Podcast: Play in new window | Download (Duration: 17:28 — 20.0MB)
Subscribe: Apple Podcasts | RSS | More
Hello, and welcome! You’re listening to Song Stories, Quiet Stories episode 22, Remember 2020? I’m your host, Carolyn Murset. It’s been a while since my last visit here, in April. The new isolated lock down quarantine period here and throughout most of the world had been going on for a little over a month then, and was already feeling old to most of us.
Here in the southwestern part of the United States, excluding the west coast, Covid-19 cases weren’t as high in number as they were on the east coast, and in California.
Nevertheless, most of us chose to follow the safety guidelines. At my last visit here, I made a plea for help with the local homeless teen population. Thank you for your support. My grandson completed his Eagle Scout Project of gathering supplies for hygiene kits for fifty teenage girls and boys, and donated them to Youth Futures. He was even featured on the local TV news station.
Wouldn’t you know it, that after I’d been coordinating a local face mask group of 19 sewers, then sewing 25 sets of pajamas for the homeless shelter, I caught the virus! I had let me guard down once as I volunteered at a venue that wasn’t as safety conscious as they’d claimed and ended up in bed for several weeks.

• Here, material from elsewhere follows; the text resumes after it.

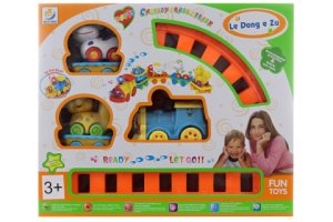 Baby vlaková sada. Napájanie lokomotívy na 3xAA batérie - nie sú súčasťou balenia.

I was wearing a face covering and gloves when I caught it, but the others that I had to come into contact with throughout the night were not. They were either pre symptomatic or asymptomatic.
Oh well, I feel much better now, and am grateful I didn’t need hospitalization. I’m grateful my husband didn’t contract the virus, and I’m grateful for the showing of love from family and friends.
As a good friend of mine and her husband currently have COVID-19, with her being in the ICU at the local hospital, it amazes me that people equate being considerate of others as living in fear. I acknowledge that we are entitled to our own opinion about the matter, but do not believe we are entitled to endanger other people’s lives because we don’t want to be inconvenienced.
It is sad that because of the high case numbers that precautions have to be taken, which often result in isolation, separation, loneliness and not being able to observe the upcoming holiday traditions as we’ve been accustomed to and as we want to.
To me, we can find new ways to celebrate. On social media, I’ve seen many sharing photos of their Christmas decorations already in place. Candy canes appeared on my neighbor’s front lawn last week. 2020 has been an armpit year for me in many ways. It’s been hard on family economics and relationships, and I lost a dear aunt in January. A dear friend’s health took a downward spiral early in the year and our visits were replaced with phone calls. The last time I saw this friend and his wife in person was March 1st. He passed away in August.
I had also begun the year in rehearsal of a local musical with a theatre company I hadn’t yet worked with. Rehearsals came to a screeching halt when the world shut down mid March, which is when I then saw the need to help sew face masks to be sent around the country, because at that point, they weren’t being sold in retail outlets. I credit Nurse Mendy Stucki for enlisting my help. She lives thirty five minutes away and had her husband and sister in law deliver cut out face masks.
After I’d agreed to help her, the first stack of cut out rectangles was over seven inches tall. That is when I knew I couldn’t do it myself, so I pleaded for help on social media, and 19 of my friends got involved. It was exhilarating and exhausting compiling kits and leaving them and then collecting them on the porches of my seamstress friends.
After five weeks of doing this, I chose to help with the homeless teen project. My neighbor who has an online boutique not only donated items for the hygiene kits but also let me buy some of her fabric for the pajamas at a very deep discount. As I’d made most of my clothes as a teen, and most of my five kid’s clothing and pajamas until they told me not to, I wasn’t afraid of taking on that project.
I’m not good at pacing myself. I forget to eat. I don’t know how to sleep. At the time I’d let my guard down volunteering for that other event, I’d made myself susceptible, and my case of COVID-19 lasted longer than most other cases I’ve known of. I’ve become what is now termed, a Long Hauler. Those of you who think this is a made up pandemic, I wish you could read the posts of the two Facebook groups for surviving long haulers. I was the recipient of skeptical and critical and ridiculing remarks while sick in bed for so long, so I chose to join the two support groups to offer validation, love, encouragement and support.
I forced myself out of bed a couple of minutes a day to sew a wall hanging with fabric scraps from the facemasks. I sewed a cloth doll and dressed her in a skirt, a sash and crown (because Corona means Crown in Spanish.) I stuffed her with the scraps that were too small for anything else. I named her, la Caldera and fashioned her salt and pepper hair to spew out of the top of her head, representing a volcanic eruption. I was very angry lying there in bed for weeks, and these creations were my therapy. My daughter and friend sent me Survivor pins that are just the right size for la Caldera.